"Jedi."
Sahhar's tongue twisted the respectful word into a sneered epithet. He looked perfectly calm, but I could feel the dark side blasting from him like a sun. Or rather like a black hole, trying to drag me down into its bottomless depths. He held his lightsaber across his body, its crimson glow reflecting in the gleaming black armor he wore. If Sahhar were even slightly overweight the smooth armor would make him look like an oversized beetle.
"You find something amusing?" he asked.
"Just imagining squishing your guts out like a bug," I replied.
"You are welcome to try."
Behind me I heard the clash of lightsaber against lightsaber. I could only assume that Sahhar had brought his pet Earthling with him and that Mike was dealing with the sadly overconfident adolescent.
"My apprentice fights yours," Sahhar said, sensing the direction of my thoughts. "In the end they will both die."
"Mike may be an irritating pain in the ass, but he can handle your pathetic Force-toddler. And he'd kill you if he heard you call him that."
Sahhar continued as though he hadn't heard me. "That will leave both of us without an apprentice. You have already given yourself to the Dark Side even if you are not yet aware of it. Soon you will take Hierce's place at my side."
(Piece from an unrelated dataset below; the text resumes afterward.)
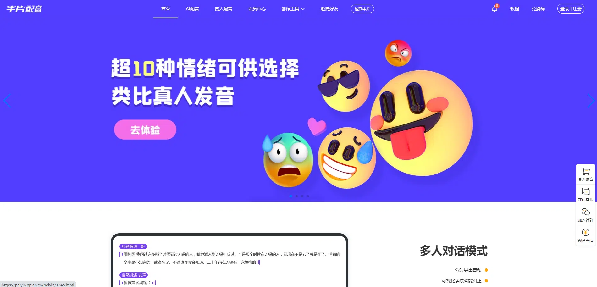 牛片配音隶属于牛片网,是一个专注于服务短视频创作者的 AI 在线配音工具,它的配音功能特别全面,并且专业性很强,效率极高,适合企业和专职博主使用,但同时它的页面优化得极好,新手一看就懂,点击操作非常简单,使用几乎没有门槛。
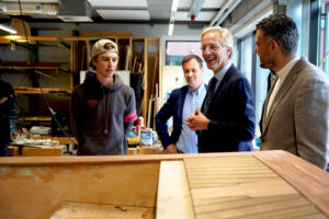De dag begon met een bezoek aan het botenbouwlokaal, de eyecatcher van het HMC. Hier ging minister Dijkgraaf in gesprek met student Joost ’t Sas over de boot die hij maakt samen met medestudenten. Minister Dijkgraaf was duidelijk onder de indruk en sprak zijn verbazing over het vakmanschap van de studenten uit. Vervolgens trapte wethouder Mbarki het gastcollege af, waarbij hij vertelde over zijn weg naar de functie van wethouder toe. Hij ging met studenten uit de zaal in gesprek over de rol van een wethouder. Wat denken zij dat een wethouder zoal qua werkzaamheden doet? Als laatste besprak hij het onderwerp ‘stagevergoeding’ met studenten. Een onderwerp dat momenteel erg leeft en waar gewerkt wordt naar verbeteringen in de gelijkheid voor mbo’ers.

"You wish," I said as I ignited my lightsaber.
"No. I foresee."
Even while Sahhar spoke I struck at him with a stroke that would keep him from seeing anything ever again. His own saber twitched in his hands and met mine just short of his temple.
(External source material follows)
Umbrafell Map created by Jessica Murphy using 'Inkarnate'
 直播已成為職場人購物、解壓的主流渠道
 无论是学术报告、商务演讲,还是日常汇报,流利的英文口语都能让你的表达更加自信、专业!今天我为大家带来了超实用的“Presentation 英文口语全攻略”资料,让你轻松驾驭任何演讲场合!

"Do you not see? 'A Jedi uses the Force for knowledge and defense, never for attack.' You are no Jedi!"
This time Sahhar struck first, a high overhand blow that would split me in half like firewood. I was alert, and if he meant to surprise me he failed. My blade stopped his well short of my head, but he was prepared for that. He quickly stopped and reversed his swing into an underhand swipe at my mid section. I jumped back just in time to spare the most delicate parts of my anatomy a great deal of pain.
"Sure, aim for the sensitive parts," I said. "You fight like a girl." He swung wildly at me, a quick swipe that I easily dodged. I slammed the fist wrapped around my lightsaber into his jaw. "You should add some variety to your wardrobe, you know. All this black makes you look depressed."
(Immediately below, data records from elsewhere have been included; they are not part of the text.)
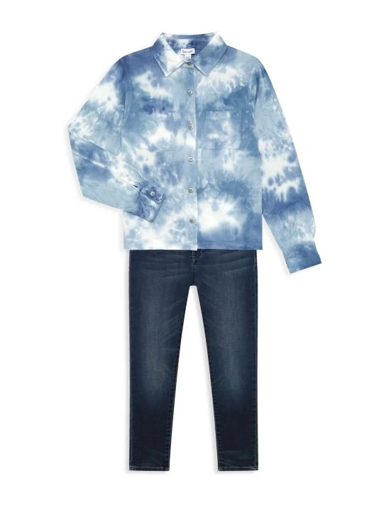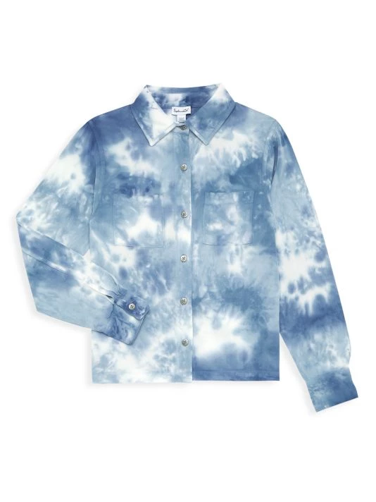 Crafted of viscose, this boy’s shirt from Splendid boasts a tie-dye pattern and fastens with button-front closures.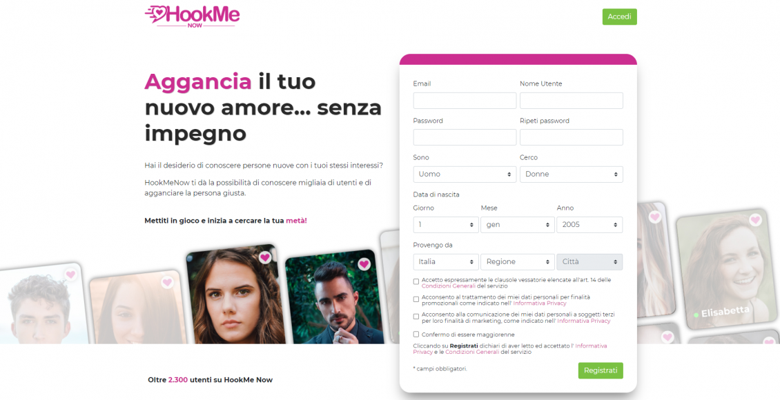 È molto semplice e immediato entrare a far parte della community di HookMeNow: con pochissimi dati da inserire all’interno del form predeterminato sarà possibile iniziare ad usufruire gratuitamente del servizio. Come già anticipato in precedenza non serviranno nome e cognome: si tratta quindi di un servizio che rimarrà totalmente anonimo, previa l’utilizzo di un nickname scelto dall’utente in fase di registrazione. E inoltre il numero di cellulare non sarà divulgato agli altri utenti.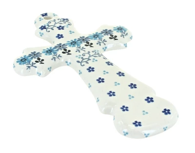 Beautiful hand painted crosses come with a hanging hole so you can decorate any wall in your home with a pop of vibrant color. 7.75 inches x 4.5 inches. The Art of Polish Pottery, as we know it today, started as local folk art centuries ago in the German province of Silesia. The first known pieces of “Bunzlauer” stoneware dating back to the 16th century were crafted by hand and decorated with a folk art stamping technique using potatoes. Original designs were inspired by the peacock feather using the colors of cobalt blue, sage green and ferrous red. These designs and colors are still the inspiration for modern day patterns.Today, skilled Polish artists still individually handcraft and hand decorate each piece using small sponges to stamp each pattern and color. After the process of mixing ingredients, molding the pottery, applying the decorations and glaze, the pottery is twice fired. This process makes the pottery extremely durable, it will not crack or chip easily, and it is perfect for use in the microwave, dishwasher, oven and freezer. Along with our pottery, we have sourced a range of absolutely beautiful hand blown glassware from Poland. It is the perfect addition to your Polish Pottery Collection!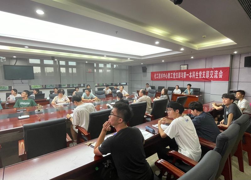 为进一步巩固“三会一课”理论学习成果,将党建与业务深度融合,提高支部党建的工作效率和影响力,7月6日下午,化工技术中心教工党支部与本科生第一党支部在行政楼221会议室开展了“支部协力促党建,互动指导谋发展”为主题的座谈交流活动。交流活动由本科生第一党支部书记丁博远主持,化工技术中心教工党支部书记姚运金、教师代表魏凤玉、张先龙、刘小好以及本科生第一党支部全体党员共33人参加了交流活动。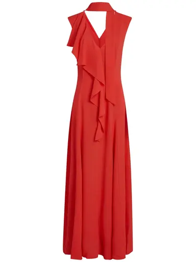 red concealed rear zip fastening scarf detailing V-neck sleeveless

Sahhar waved his free hand dismissively. "Your words mean nothing. You have fought well, Jedi, but the time has come. You must make your choice." He swung his lightsaber at me again, and I caught it on the center of my blade.
"And that armor makes you look like a giant insect."
He pulled his lightsaber back and made the completely predictable low angle follow-up attack. "I can feel the Dark Side flowing through you," he said as I blocked again. "By now even you must see your destiny."
"How do you keep it that shiny, anyway?" I asked, giving his armor a look of mock admiration. "Is that shoe polish or something?"
Sahhar stepped back and held his lightsaber at the ready. "Join me and I will teach you the secrets of eternal power."
"Oooh! Does that include the ancient Sith armor waxing technique?"
"Join me...or die."
"Damn, do all new Sith have to take a class in using the same lame threats?"
I didn't see his foot coming until just before it landed in my stomach, and couldn't stop him from slamming the pommel of his lightsaber into my lower neck afterward. I countered with a wild, powerful attack more like the swing of a baseball bat than a fighting move. Sahhar blocked it and chuckled darkly. "Such passion. Doesn't the Jedi Code demand that you be at peace?"
"I'll be at peace when you're dead." I lunged at him with my lightsaber leading the way. To my surprise he didn't move to block or deflect, and I drove the blade into his armor until the emitter met the gleaming blackness covering his heart with a loud thump. When my brain caught up to my blade I realized that sound meant that the lightsaber's blade hadn't penetrated his armor at all. First the prison window, and now his armor has cortosis too?
I looked at Sahhar's face in astonishment. He laughed another of his annoyingly arrogant laughs. "You'll have to do better than that," he said. He threw his free hand out in front of him and the Force hurled me through the air.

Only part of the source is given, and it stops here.